RECORDS SHOWN »
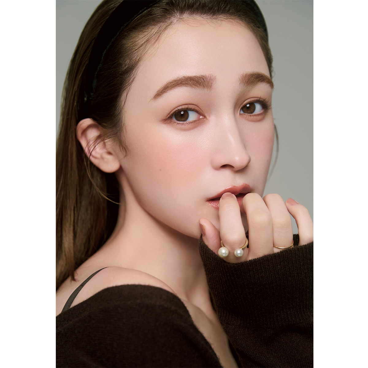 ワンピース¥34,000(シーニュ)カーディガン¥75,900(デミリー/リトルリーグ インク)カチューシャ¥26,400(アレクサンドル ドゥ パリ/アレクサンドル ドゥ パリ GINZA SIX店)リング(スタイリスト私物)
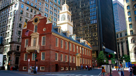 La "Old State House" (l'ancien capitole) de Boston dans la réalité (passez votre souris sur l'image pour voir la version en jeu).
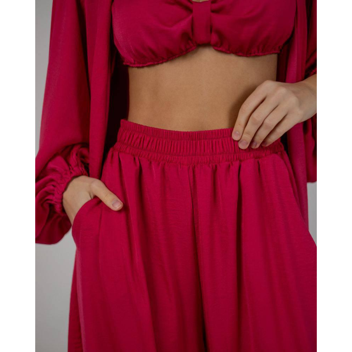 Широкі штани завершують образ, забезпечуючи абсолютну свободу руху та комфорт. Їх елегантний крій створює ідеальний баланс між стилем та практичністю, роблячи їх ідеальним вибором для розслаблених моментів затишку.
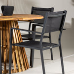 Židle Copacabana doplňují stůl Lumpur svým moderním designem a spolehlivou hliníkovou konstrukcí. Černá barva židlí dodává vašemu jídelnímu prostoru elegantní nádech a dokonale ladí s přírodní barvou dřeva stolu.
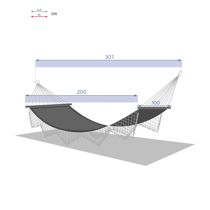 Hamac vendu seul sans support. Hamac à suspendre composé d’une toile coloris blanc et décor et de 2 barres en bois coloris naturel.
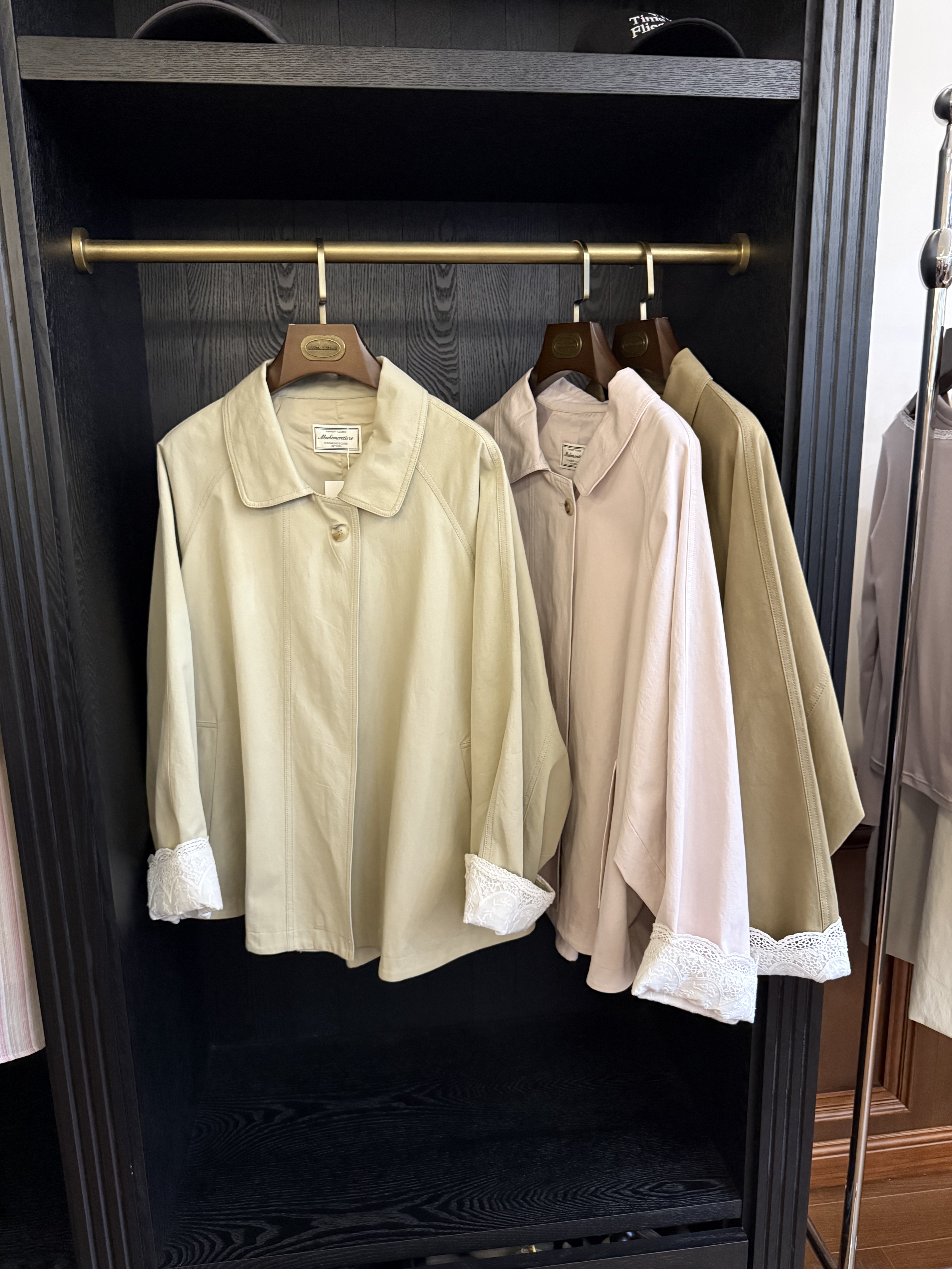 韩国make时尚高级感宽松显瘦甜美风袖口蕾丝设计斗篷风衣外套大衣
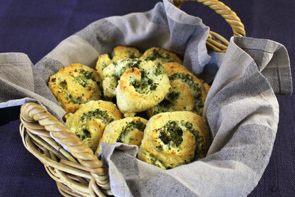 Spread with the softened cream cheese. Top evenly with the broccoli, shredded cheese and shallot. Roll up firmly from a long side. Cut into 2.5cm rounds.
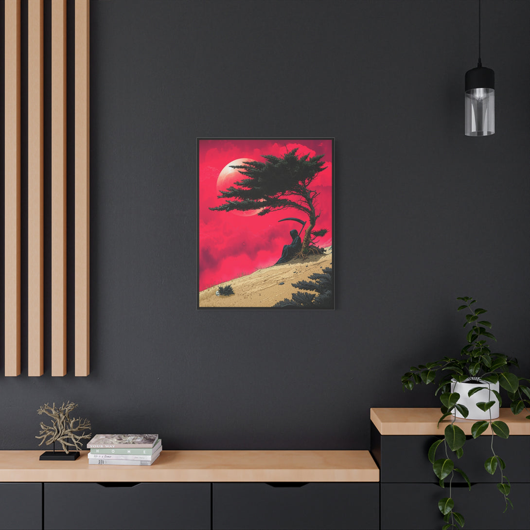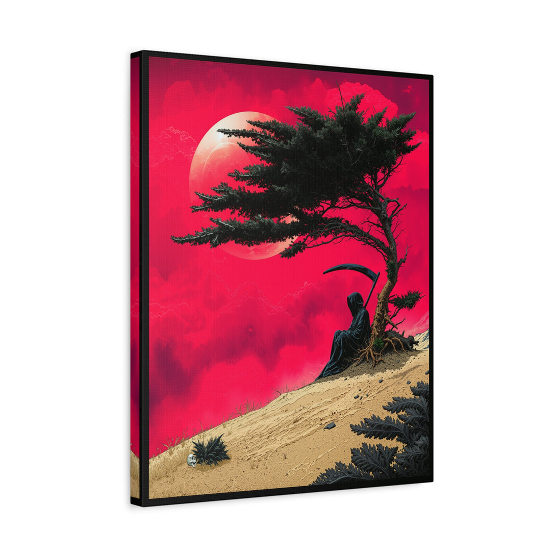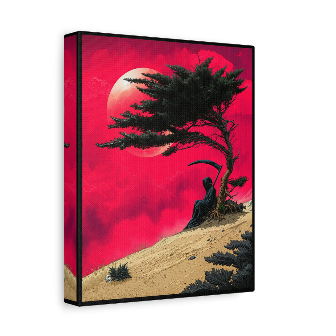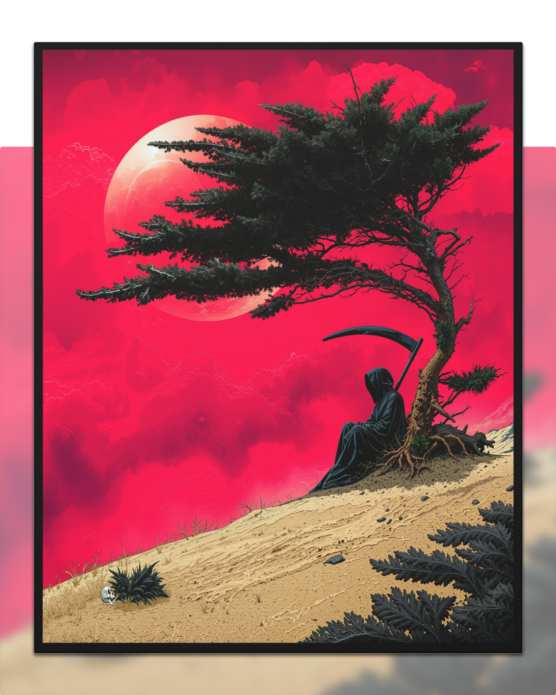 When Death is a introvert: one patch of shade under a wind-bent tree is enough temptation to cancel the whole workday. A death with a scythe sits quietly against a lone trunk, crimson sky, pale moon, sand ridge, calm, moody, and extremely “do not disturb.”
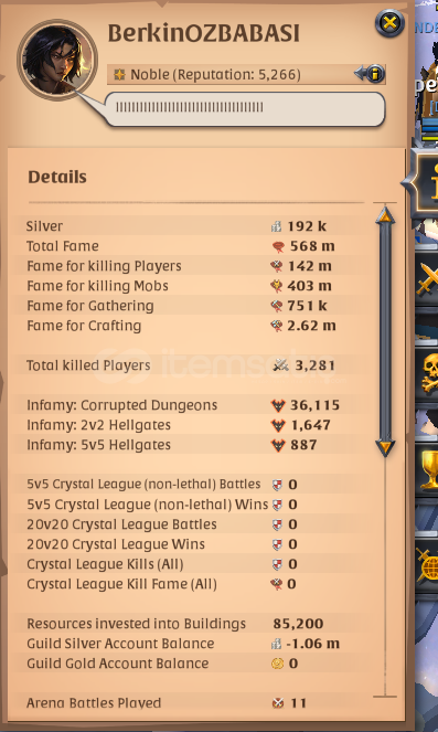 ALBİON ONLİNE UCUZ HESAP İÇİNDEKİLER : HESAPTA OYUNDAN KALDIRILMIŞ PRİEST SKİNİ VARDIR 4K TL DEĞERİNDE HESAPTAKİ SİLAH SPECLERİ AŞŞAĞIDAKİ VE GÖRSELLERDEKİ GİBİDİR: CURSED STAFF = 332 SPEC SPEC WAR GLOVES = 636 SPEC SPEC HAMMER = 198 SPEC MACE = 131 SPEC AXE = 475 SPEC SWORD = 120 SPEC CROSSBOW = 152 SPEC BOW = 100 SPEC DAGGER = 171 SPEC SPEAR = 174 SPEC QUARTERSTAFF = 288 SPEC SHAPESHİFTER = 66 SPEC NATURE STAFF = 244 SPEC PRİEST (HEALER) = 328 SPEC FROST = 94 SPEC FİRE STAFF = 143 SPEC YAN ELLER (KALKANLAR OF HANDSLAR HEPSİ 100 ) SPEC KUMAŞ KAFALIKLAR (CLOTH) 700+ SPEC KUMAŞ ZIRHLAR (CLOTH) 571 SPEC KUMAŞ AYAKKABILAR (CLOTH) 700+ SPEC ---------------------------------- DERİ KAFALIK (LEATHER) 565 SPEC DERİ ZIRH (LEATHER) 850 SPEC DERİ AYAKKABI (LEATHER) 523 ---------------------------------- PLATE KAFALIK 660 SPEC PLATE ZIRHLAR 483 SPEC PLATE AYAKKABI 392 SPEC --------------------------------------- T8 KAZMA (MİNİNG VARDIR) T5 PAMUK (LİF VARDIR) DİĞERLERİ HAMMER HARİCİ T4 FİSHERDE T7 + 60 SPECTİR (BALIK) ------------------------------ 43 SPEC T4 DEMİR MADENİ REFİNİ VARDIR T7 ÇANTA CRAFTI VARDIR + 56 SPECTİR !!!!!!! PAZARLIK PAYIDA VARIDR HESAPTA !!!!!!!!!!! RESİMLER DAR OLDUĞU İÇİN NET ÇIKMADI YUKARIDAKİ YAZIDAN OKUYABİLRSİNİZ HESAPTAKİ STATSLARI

WHAT IS EXPECTED » Without any pictures, reproduce the lines from the first one in the material through the line that has "When Death is", exactly as they appear.

TASK RESULT »
 ワンピース¥34,000(シーニュ)カーディガン¥75,900(デミリー/リトルリーグ インク)カチューシャ¥26,400(アレクサンドル ドゥ パリ/アレクサンドル ドゥ パリ GINZA SIX店)リング(スタイリスト私物)
 La "Old State House" (l'ancien capitole) de Boston dans la réalité (passez votre souris sur l'image pour voir la version en jeu).
 Широкі штани завершують образ, забезпечуючи абсолютну свободу руху та комфорт. Їх елегантний крій створює ідеальний баланс між стилем та практичністю, роблячи їх ідеальним вибором для розслаблених моментів затишку.
 Židle Copacabana doplňují stůl Lumpur svým moderním designem a spolehlivou hliníkovou konstrukcí. Černá barva židlí dodává vašemu jídelnímu prostoru elegantní nádech a dokonale ladí s přírodní barvou dřeva stolu.
 Hamac vendu seul sans support. Hamac à suspendre composé d’une toile coloris blanc et décor et de 2 barres en bois coloris naturel.
 韩国make时尚高级感宽松显瘦甜美风袖口蕾丝设计斗篷风衣外套大衣
 Spread with the softened cream cheese. Top evenly with the broccoli, shredded cheese and shallot. Roll up firmly from a long side. Cut into 2.5cm rounds.
 When Death is a introvert: one patch of shade under a wind-bent tree is enough temptation to cancel the whole workday. A death with a scythe sits quietly against a lone trunk, crimson sky, pale moon, sand ridge, calm, moody, and extremely “do not disturb.”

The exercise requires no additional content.